We didn't eat as much pizza as I would have liked; it wasn't because the pizzas were no good, in fact what we had were absolutely yummy, but the stomach couldn't accommodate more. The first pizza I tried was at one of the many casual joints that sells them by the slice, there the quality ranged from stunning (green tomatoes and fresh mozarella) to bleah.
C took me to Pizza Ciro (Via della Mercede, 43/45, T: +39 066786015), she had eaten there before and liked it. From the outside it looked quite ordinary and even a bit like a fast-food place but inside the space is huge and the pizza we shared was very good- see picture above- soft, chewy bread with slightly crisp edges, fresh mozarella, sweet grilled aubergines.
A stone's throw from our B&B is an old-school trattoria which C had managed to eat in every time she visits Rome. Da Sergio is quirky and rustic and though smack in the middle of Campo del Fiori it is popular with the locals.

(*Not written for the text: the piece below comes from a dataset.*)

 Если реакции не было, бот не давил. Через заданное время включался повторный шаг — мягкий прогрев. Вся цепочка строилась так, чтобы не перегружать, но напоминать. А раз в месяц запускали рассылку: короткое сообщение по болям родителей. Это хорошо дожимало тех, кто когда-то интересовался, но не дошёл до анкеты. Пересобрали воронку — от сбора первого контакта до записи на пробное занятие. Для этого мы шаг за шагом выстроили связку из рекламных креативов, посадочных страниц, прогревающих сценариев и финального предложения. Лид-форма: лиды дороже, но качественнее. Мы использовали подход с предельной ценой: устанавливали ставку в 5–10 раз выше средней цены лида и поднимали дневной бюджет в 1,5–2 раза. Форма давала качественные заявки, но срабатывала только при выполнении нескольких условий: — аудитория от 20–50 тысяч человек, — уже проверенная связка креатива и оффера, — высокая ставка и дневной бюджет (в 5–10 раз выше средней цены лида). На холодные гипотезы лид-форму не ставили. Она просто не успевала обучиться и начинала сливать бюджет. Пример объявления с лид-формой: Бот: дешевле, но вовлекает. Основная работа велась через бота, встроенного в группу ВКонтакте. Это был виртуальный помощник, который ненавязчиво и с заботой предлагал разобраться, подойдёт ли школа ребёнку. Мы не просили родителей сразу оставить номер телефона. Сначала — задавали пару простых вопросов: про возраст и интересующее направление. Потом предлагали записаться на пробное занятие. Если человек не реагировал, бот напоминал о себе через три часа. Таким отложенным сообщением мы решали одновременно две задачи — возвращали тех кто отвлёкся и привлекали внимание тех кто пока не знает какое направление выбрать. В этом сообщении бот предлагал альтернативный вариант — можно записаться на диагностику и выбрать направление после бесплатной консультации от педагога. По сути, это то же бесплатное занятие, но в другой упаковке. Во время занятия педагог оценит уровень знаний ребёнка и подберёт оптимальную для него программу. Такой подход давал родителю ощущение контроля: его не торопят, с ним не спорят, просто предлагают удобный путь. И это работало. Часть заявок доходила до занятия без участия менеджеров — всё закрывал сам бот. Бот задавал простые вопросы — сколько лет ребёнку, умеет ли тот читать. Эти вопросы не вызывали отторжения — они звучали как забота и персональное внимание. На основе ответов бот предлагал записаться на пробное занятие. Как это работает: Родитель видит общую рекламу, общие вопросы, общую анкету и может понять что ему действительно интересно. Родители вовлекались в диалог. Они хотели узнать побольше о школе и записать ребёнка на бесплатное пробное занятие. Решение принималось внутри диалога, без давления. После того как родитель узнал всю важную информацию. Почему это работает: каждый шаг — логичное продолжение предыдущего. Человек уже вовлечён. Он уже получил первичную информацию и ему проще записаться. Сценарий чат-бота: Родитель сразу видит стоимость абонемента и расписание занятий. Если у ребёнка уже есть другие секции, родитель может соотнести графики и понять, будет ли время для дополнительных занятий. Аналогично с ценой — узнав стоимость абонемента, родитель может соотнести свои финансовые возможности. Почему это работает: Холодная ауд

On my last day I was determined to try tripe, because braised tripe and other dishes made from offal and animal parts make up an important part of the Roman-Jewish cuisine. At Da Sergio I ordered their tripe in tomato sauce. It is typically served as a second course after the antipasto and pasta, but I requested it as an appetiser. It arrived looking innocuous enough, almost like pasta, but upon closer inspection the intestines had been cut into bite-sized wobbly chunks. The texture was chewy but not rubbery, soft and toothsome at the same time, but the tomato sauce, bacon bits and parmesan failed to mask its inherent strong flavours which takes a bit of getting used to. I managed about 5 pieces before giving up.

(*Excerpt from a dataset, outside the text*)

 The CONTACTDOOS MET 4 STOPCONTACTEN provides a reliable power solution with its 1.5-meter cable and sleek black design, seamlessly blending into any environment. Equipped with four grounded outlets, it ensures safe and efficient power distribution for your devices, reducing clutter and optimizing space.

If there is one dish we ate a lot of in Rome, it was pasta. Yes we were aware that they are other dishes in the menu, but well, pasta has its irresistable lure. On our first day we walked into Ditirambo, also within walking distance of Campo del Fiori, and all I could smell was black truffles. Unfortunately my dish of pasta with bolleto mushrooms sprinkled with the grated truffles, in spite of its beautiful perfume, was rather stodgy and bland. C fared better with fresh pasta sheets cooked in a sauce of salted cod, it too looked a mess, but was adequate enough. The rest of our pasta meals were much better, such as linguine tossed with a sauce of baby squids in La Campana, a hearty agnolotti at Piperno and a wickedly rich spaghetti carbonara at da Sergio- all shiny with an eggy, olive-oily, bacony sauce and crowned with a mountain of shaved parmesan.

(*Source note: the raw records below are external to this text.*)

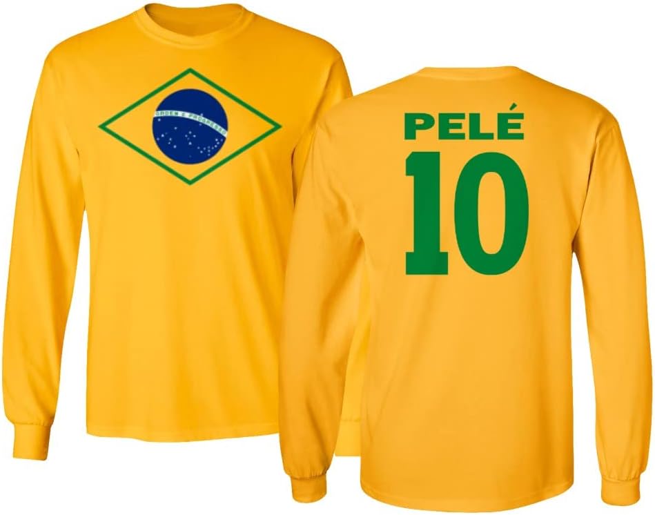 Pele 10 Brazil Soccer GOAT Jersey Style Tribute Long Sleeve T-Shirt
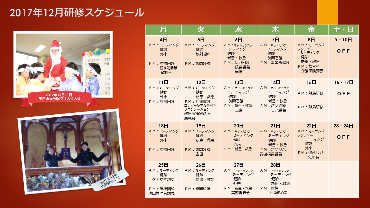 本日をもって、2017年12月の地域医療研修が終了しました。押淵院長との訪問診療には長原先生が行かれご教授いただきました。
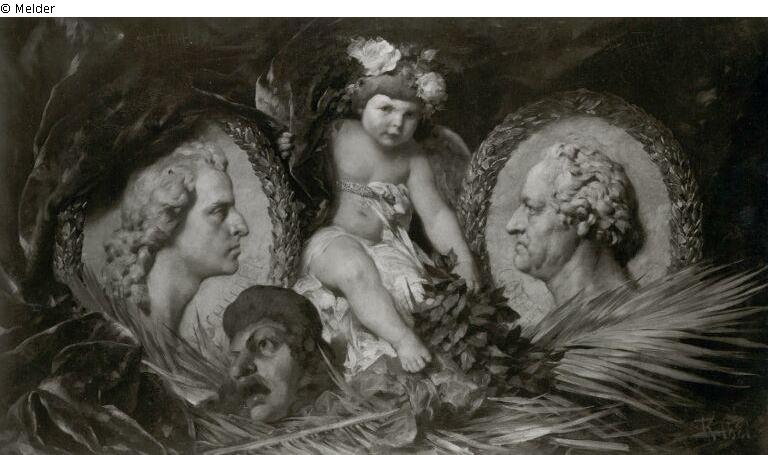 Fundmeldung | Einzelobjekt Putto mit Medaillons von Schiller und Goethe Lost Art-ID219027 Vorherige Weiter Hersteller/Künstler:in Keller, Ferdinand Geburt 1842.08.05, Karlsruhe Tod 1922.07.08, Baden-Baden TitelPutto mit Medaillons von Schiller und Goethe Datierung1881ObjektartMalereiObjektgruppeMalereiMaterial / TechnikÖl ; Leinwand / gemalt Höhe 82,00 cm Breite 143,00 cm Inventarnummermü11770Beschreibung Der bekränzte Putto zwischen den beiden Reliefs. Unterhalb Schillers eine Maske. Signatur: monogr.u.dat.: 1881 Weiterlesen Weniger anzeigen Bestand Kulturgüter aus dem ehemaligen ReichsvermögenVeröffentlicht seit2001 Kontakt Kunstverwaltung des Bundes Herbert-Bayer-Straße 5 13086 Berlin Deutschland E-Mailprovenienzforschung@kvdb.bund.deHomepagehttp://www.kunstverwaltung.bund.de

The best pasta, for me, was the papardelle with a ragout of wild boar meat and duck sausage at Al Bric, tender broad noodles with springy bite tossed with the long simmered meat sauce. If food has the power to move one to tears, this dish would stand a pretty good chance, I was in raptures, absolutely adoring it willing myself to eat each mouthful slowly to draw out the pleasures.
And what better pairing for such a magnificient dish than an equally magnificient wine. The wine list at Al Bric, when it appeared, impressed with its weight and heft. It is almost 3 inches in height and is bound in thick worn red leather, the pages yellowed and feathery. C has a friend who gave her the name of 2 wines she absolutely must have while she was in Rome. We looked in the section for half bottles and the names were not in the page. But I saw a Barolo, surprisingly it was one of the less expensive options at about 32 euros, the price is for half a bottle so it was not exactly a bargain. The sommelier whisked away the wine glasses on the table and came back with more grown-up looking glasses (deeper rounder bowl, smaller rim). It was only my second time drinking Barolo but it is so easy to love, so full bodied for a single-varietal wine, so smooth and so sophisticated even for such a young wine. Before we knew it, we had drunk up the last drops.
Feeling slightly bereft, and enjoying our happiness with the wine and food, we asked for the wine tome again. This time we ordered another half-bottle of Tignanello 2003 which cost slightly more than the Barolo but was not quite as seductive, I think it is hard to measure up anyway so we just sat back and enjoyed the wine and our conversation.
The next day, at Piperno, C saw one of the names and ordered us a half-bottle of Amarone 2004. Drier and more tannic, it more than matched the fried yummies and hearty pastas with its rich raisiny perfumes.
Onto the final course. Desserts. We didn't manage to eat a lot of it. The pastas do occupy a lot of space in the tummy, but at Piperno they lay out all the desserts at the entrance so one can mentally prepare and make appropriate room for the tiny sweet strawberries with ice cream.
Or fruit tarts served on its own. Bitter sweet orange marmaladey tart with tender pastry and the other a cherry filling with a nuttier crumbly crust. The orange tart won by a small margin but only just. To me, these tarts embody the spirit of the food we enjoyed throughout our holiday- traditional, unpretentious food with bold yet comforting flavours using simple, quality, local ingredients. It's food that is good enough that they don't need, or have, many 'ethnic' restaurants. It is also seemingly so facile that there are Italian restaurants all over the world, just that after this, for better or for worse, I know better.